池中寒的身手极好,就是无数的箭射来,并且他还一手带著我,仍能毫发无伤地躲开了攻击,只是一时出不了手,无法还击罢了。
一咬牙,叫自己镇定,“你、你把我丢向那边。”我用眼神扫了一处角落,原本瞪过来的视线,也扫到那角落,竟然没有误认为我在这紧要关头任性妄为,二话不说,真把我当沙包丢过去。
吸了口气,我有些不稳,直接摔落在一那个角落,如我所料,这里是个死角,上头飞来飞去的箭,射不到这里。
我算是暂时脱离了险境,而看那头紫色身影在如雨落下的箭雨中飞舞著,少了我这个累赘,他甚至游刃有馀地反击了起来。
优雅地把飞过去的箭一打,箭头倒转了方向,便听到声声的惨呼声。
尽管如此,我还是看得有些心惊胆战,寻了半天也不见冷无言的身影,莫不是这次,池中寒只身带了我出来,没让护卫跟著?
急得我狠不得也冲出去,可好歹也知道自己的斤两,只能跺著脚在一边光著急了,此刻竟然有些恨起了自己,明明黄颜教得很入心,自己到头来也只能学到一些皮毛,现在想帮忙都无能为力。
我讨厌如此无能的自己。
一道寒光闪来,我双目还死死地盯著前方池中寒的动向,所以当寒光闪来之时,我本是反应不急的,却道身体来了个本能,生生地闪开那劈来的一剑。
踉跄倒退两步,我瞪著握剑在我面前的黑衣人,全身都黑,面巾也是黑的,我有些不屑:“敢来杀人怎麽就不敢以真面目示人?”
很显然,对方并未受到我的激将法的作用,只是轻蔑一笑,也不给我多废话的机会,挥剑又刺了过来。
这回我学乖了,抱著脑袋左闪右闪,对方的动作很犀利,且完全没有犹豫,我根本就没有还手的馀地,当然也没法出手,不知是不是真急了,眼见那亮晃晃的剑朝我刺来,心一急,提气就蹦了起来,还别说,这一蹦,生生把我蹦进了巷子的那一边墙,估计是别人的庭院。
那黑衣人也不是省油的灯,也跃上墙头,那发狠的眼死死地盯著我,顾不得摔得屁股疼痛,捂著屁股提气,朝另一边跃去,除去动作非常的不雅观,至少我拼命地在墙头跌来跳去,还是救了自己一命。
等池中寒解决完那头的人,赶来救我时,我还在蹦来蹦去的,那黑衣人本就叫我弄得发了怒,这会见池中寒朝我们而来,他提剑就……跑了?
“真没出息。

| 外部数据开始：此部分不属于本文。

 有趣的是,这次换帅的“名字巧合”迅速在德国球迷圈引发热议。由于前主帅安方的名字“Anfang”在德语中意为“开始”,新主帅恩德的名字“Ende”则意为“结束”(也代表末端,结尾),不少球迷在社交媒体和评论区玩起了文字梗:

”朝著那落荒而逃的黑衣背影,我鄙视一句,腰一紧,是那熟悉的淡淡幽香。
“是啊,逃得比兔子快。”耳边响起男人的声音。
我脸一红,不畏惧地瞪过去:“不逃难道我还坐著等被杀啊?”
被我瞪,池中寒也不怒,还扯了那邪魅的笑脸,“我说那黑衣人逃得比兔子快。”
闹得我的脸更炽热了起来,甩了好几下没把他的手甩开,恼羞成怒,“还不放开,都连累我一次,还想连累我多少次?”

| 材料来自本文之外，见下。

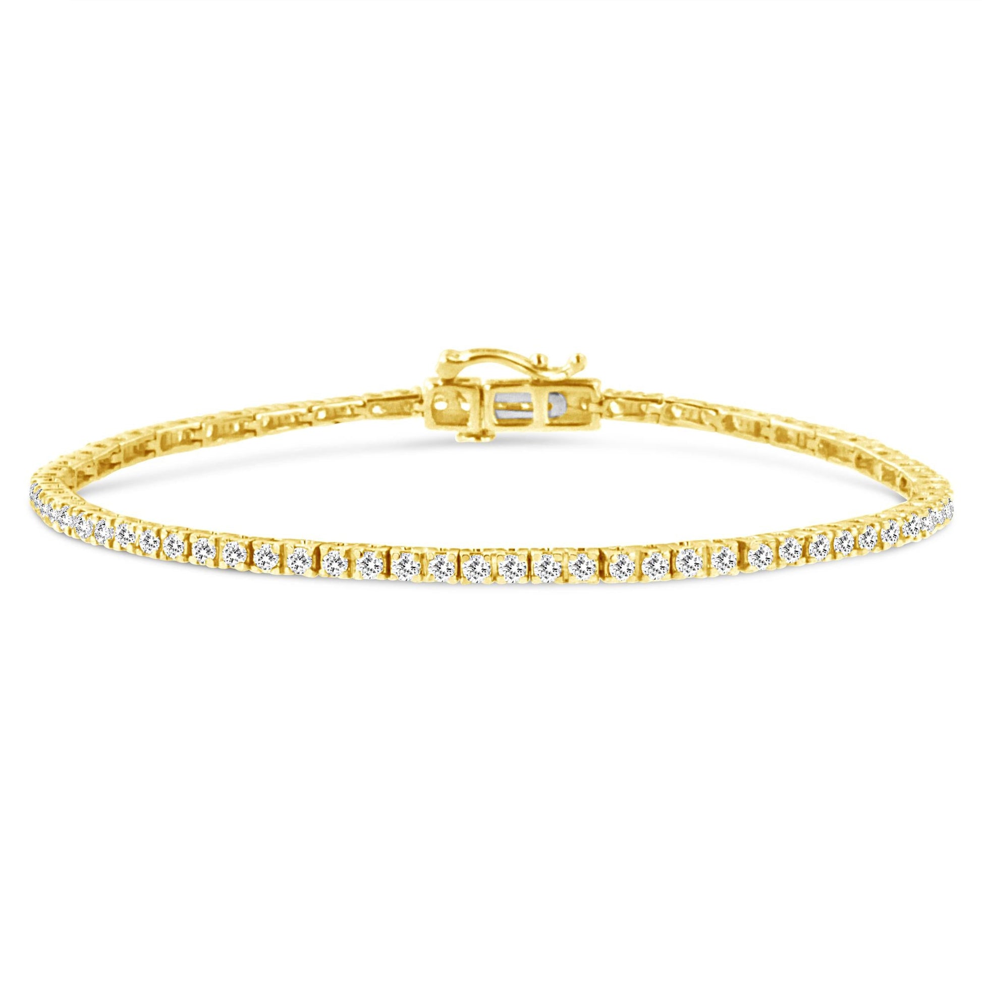 Elegant and timeless, this gorgeous 14 karat yellow gold plated 92.5% sterling silver tennis bracelet features 2.0 carat total weight of natural round brilliant cut white diamonds with a whopping 78 individual stones in all. The tennis bracelet has hinged links consisting of two prong set diamonds each. The 7.25” long bracelet culminates in a secure box with tongue and safety clasp. Whether worn for daytime glamour or evening sparkle, this classic tennis bracelet is gorgeously versatile. It’s a timeless treasure she’ll enjoy wearing every day. This classic tennis bracelet makes a great gift for any special occasion, as well as a great gift for those with April birthdays! Diamonds are thought to give the wearer clarity and illuminate solutions to life’s problems, as well as encouraging abundance, strength, courage, harmony, faithfulness, and commitment. Give her a gift that will perfectly complement her favorite ensemble.

不知为什麽,池中寒眼里一闪而过的受伤,叫我心一揪……可是,对方眼里的东西消失得太快,以至於我使劲地命令自己,那只是自己的错觉。
“回吧。”淡淡留下一句,我还是被牵著走。
低头看著握在一起的手,不知为什麽,心底一放纵,回握那只纤长的手,感受著那温度朝我渡来,热热的,甚至有些烫,直接从手掌一路烫到我的胸口、我的心里。
“如果、如果……我开口求你,不要与那个什麽公主结姻,你可愿意?”不敢抬眼,我在心里问著,没办法叫自己真的问出口。
他不懂,他不懂我的心事,不懂我的眼神……不禁嘲笑自己,这样的一位天之骄子,怎会屑去了解一个低贱的我?
回到了王府,原本换来的‘团圆’也不知丢哪儿了,池中寒直接入了书房,而我也没什麽心情,便去找黄颜,虽然他总是冷淡著一张瘦脸闭目养神,不理我,我还是想去找他。
跟他说了半天话,得不到回应,我只得拿起缎子练起来,我发现自己比起剑,更喜欢用缎子代替。
也不知毫无章法地舞了多久,便听到黄颜那不咸不淡的声音传来:“又有心事?”
停下动作,我有些气喘,垂首走回石头边,不答反问:“阿颜,你总坐在这石块之上,不冷吗?”有时看地上都积了厚厚的雪,也未见他有动作。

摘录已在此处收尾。